Durante le 12-24 ore precedenti il parto, in risposta all'aumento dei livelli di ossitocina e prolattina, le scrofe manifestano un comportamento noto come "nidificazione". Questo può includere la ricerca di un luogo appartato, la preparazione di un giaciglio o posture insolite.
333 - I segni del parto: Fisiologia e comportamento della scrofa
Gestione dei Suinetti Nati Morti e Problemi di Parto
I nati morti rappresentano una delle maggiori preoccupazioni durante il parto suino, e interventi tempestivi possono migliorare significativamente le percentuali di sopravvivenza. I nati morti tendono ad essere più frequenti nell'ultimo terzo della figliata e in gravidanze che si discostano dalla norma, sia eccessivamente brevi (<113 giorni) che eccessivamente lunghe (>117 giorni).
Un indicatore di potenziale difficoltà durante il parto è quando l'intervallo tra la nascita di un suinetto e il successivo supera i 20 minuti, soprattutto se la scrofa mostra segni di sforzo prolungato. I suinetti possono morire per mancanza di ossigeno, sia a causa della rottura del cordone ombelicale che di un flusso sanguigno limitato durante un periodo di contrazioni prolungato. Oltre il 50% dei suinetti nati morti presenta il cordone ombelicale rotto, suggerendo asfissia avvenuta prima o durante il passaggio nel canale del parto. Nel caso dei suinetti nati per ultimi nella figliata, la distanza, il tempo e lo stiramento del cordone ombelicale potrebbero contribuire a questa rottura.

Casi Particolari e Gestione post-Nascita
In situazioni eccezionali, come nel caso di una scrofetta al primo parto che prolunga la gestazione oltre i 115 giorni, è importante monitorare attentamente i segnali. Sintomi come vagina gonfia, mammelle turgide e movimento fetale visibile sono normali, ma l'assenza di altri segnali di parto (come secrezioni vaginali o fuoriuscita di latte) può indicare un ritardo. In questi casi, è consigliabile attendere e osservare, poiché una gestazione leggermente più lunga per una primipara non è necessariamente patologica. La durata effettiva della gestazione delle scrofe è aumentata ed è variabile a seconda di vari fattori, e gli allevamenti devono conoscere la durata effettiva della gestazione nelle loro particolari circostanze per gestire correttamente i flussi e pianificare gli spostamenti.

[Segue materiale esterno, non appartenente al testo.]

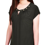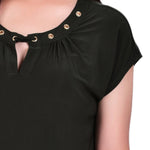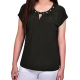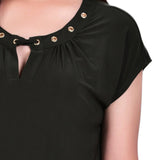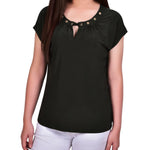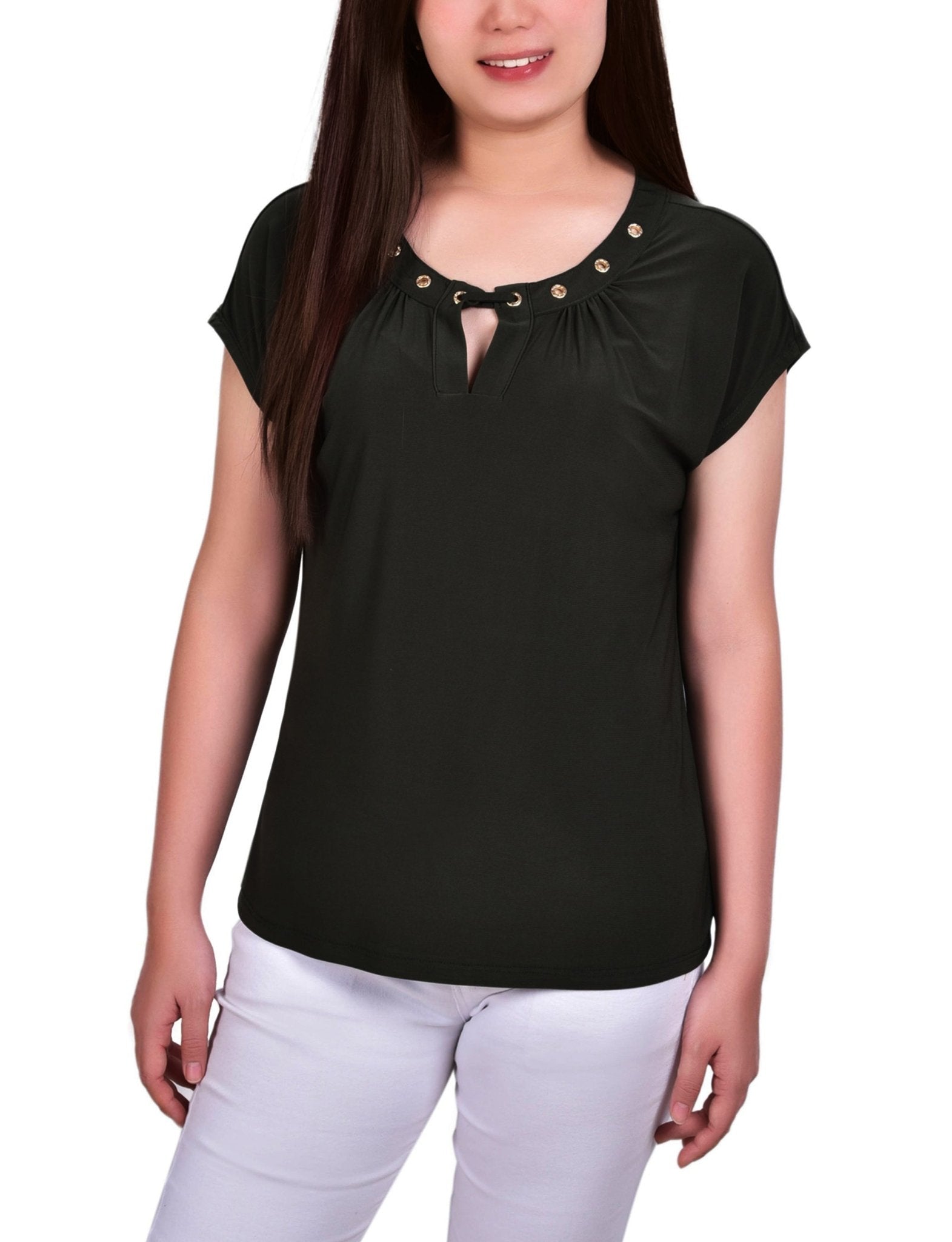 With a neckline grommet accents and cap sleeves, this top is a great addition to any wardrobe.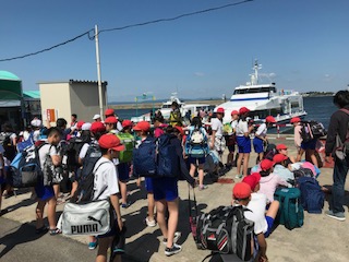 師崎港に到着しました。すばらしい景色です。着替えも終わり、これから高速船に乗って、日間賀島に向かいます。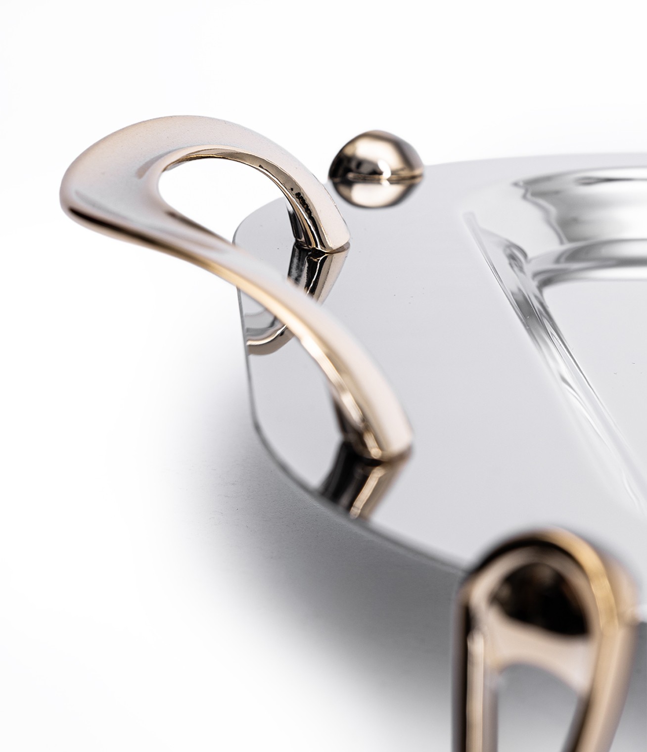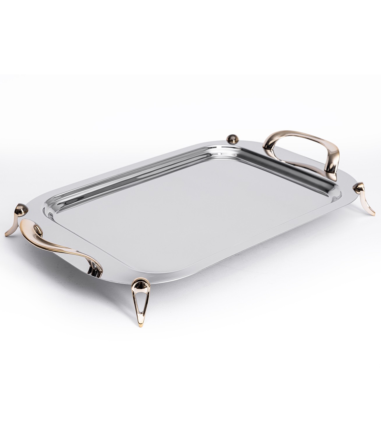 Maxx Doria Aqua Ayaklı Çelik Tepsi Gold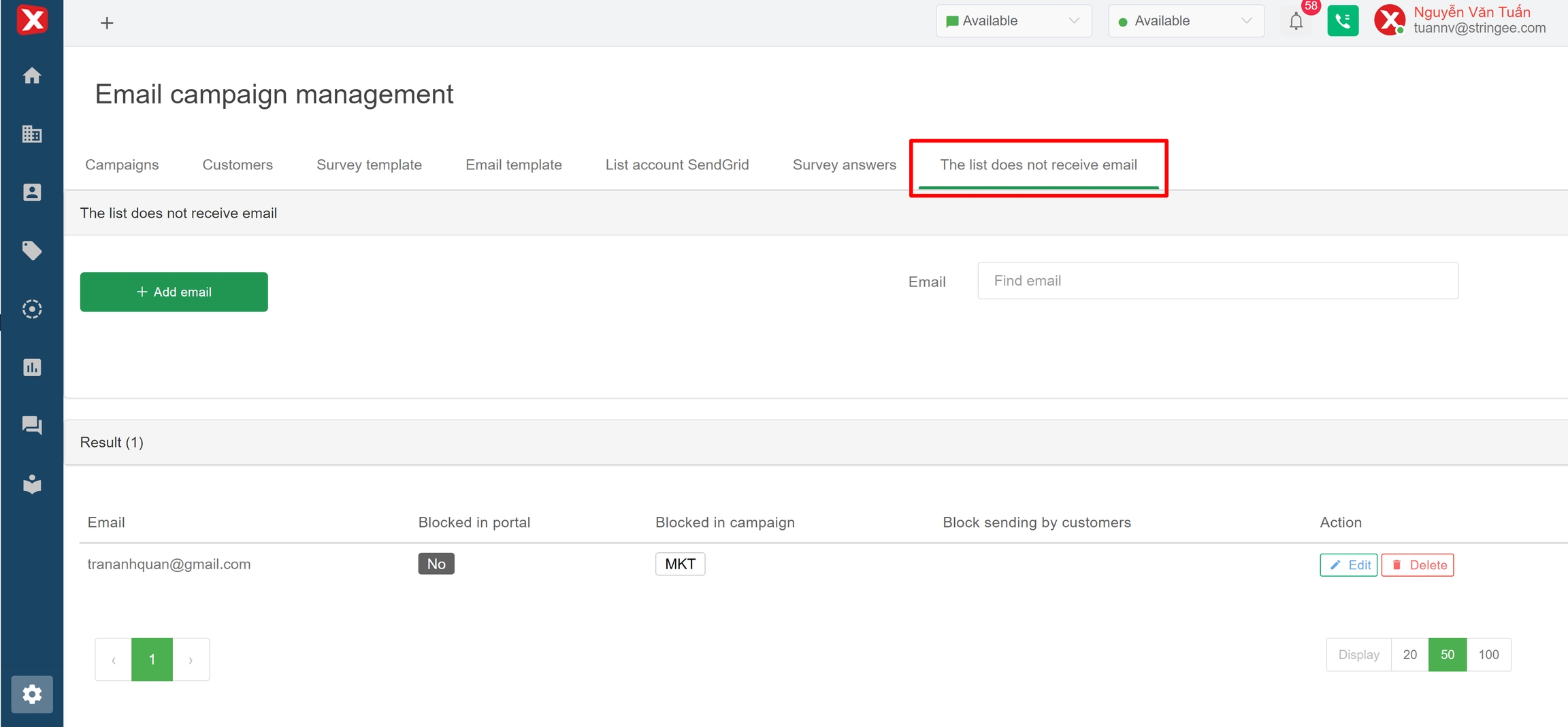 Note: If the customer receives an email and chooses to Unsubscribe or put it in spam, the customer's email will be automatically added to the do not send email list. Admin can't edit, delete this email in the list.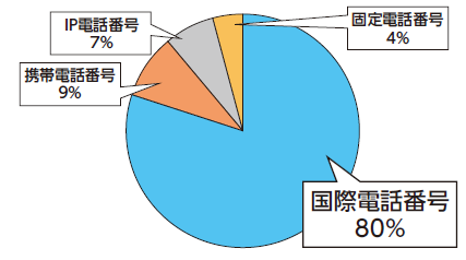 ▽最近の犯人からの電話は8割が国際電話番号から!(+1や+44から始まる番号)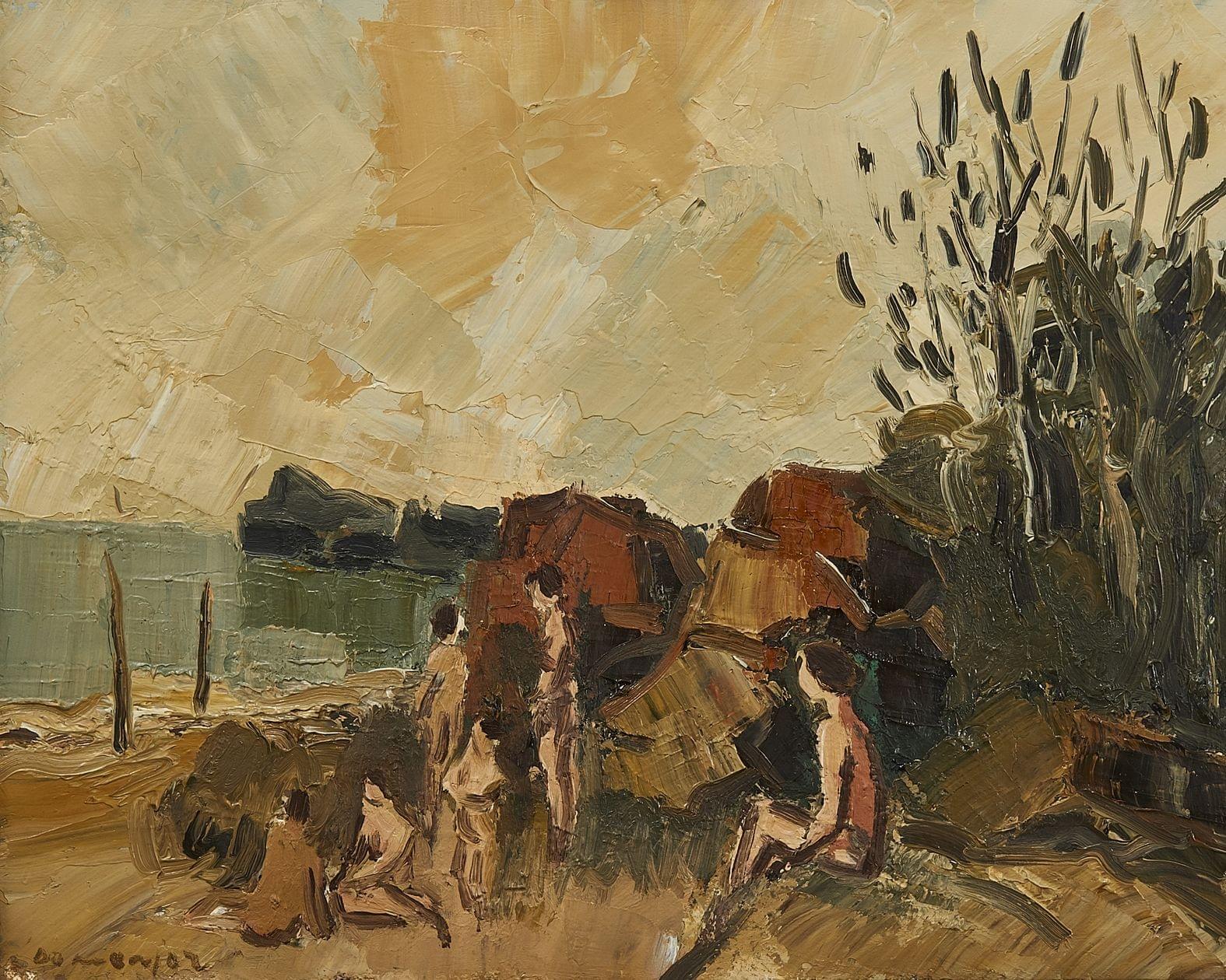 Baigneurs au bord de la mer, huile sur toile, signée, 30x40 cm

Una volta nati, i suinetti necessitano di cure immediate. Nei 5-15 minuti dopo la nascita, il movimento del suinetto rompe il cordone ombelicale, permettendogli di iniziare la ricerca delle ghiandole mammarie, che solitamente avviene entro circa 20 minuti. La capacità del suinetto di localizzare rapidamente la madre e iniziare la suzione è vitale per l'assunzione del colostro, fondamentale per l'apporto di immunità e nutrienti.
In caso di suinetti ipotermici o deboli, il riportarli immediatamente dalla madre, se le condizioni lo permettono, è la prima azione da intraprendere. Trattamenti come l'immersione in acqua calda (circa 38°C, facendo attenzione a non far entrare acqua nei polmoni) possono aiutare a ripristinare la temperatura corporea e indurre una sensazione di benessere simile a quella uterina. La creazione di nidi riscaldati con lampade a infrarossi è una pratica comune per garantire che i suinetti più deboli mantengano la temperatura corporea adeguata fino a quando non acquisiscono sufficiente forza per autoregolarsi.

Conclusione
La gestazione suina è un processo complesso e dinamico, la cui durata effettiva si discosta spesso dal tradizionale 3tre3. L'aumento della durata media delle gravidanze, la variabilità individuale, l'impatto delle pratiche gestionali come l'induzione dei parti e la sofisticata regolazione ormonale sono tutti elementi che richiedono un'attenta considerazione da parte degli allevatori. La comprensione approfondita di questi aspetti è la chiave per una gestione efficace, per massimizzare la sopravvivenza dei suinetti e garantire la redditività degli allevamenti suini.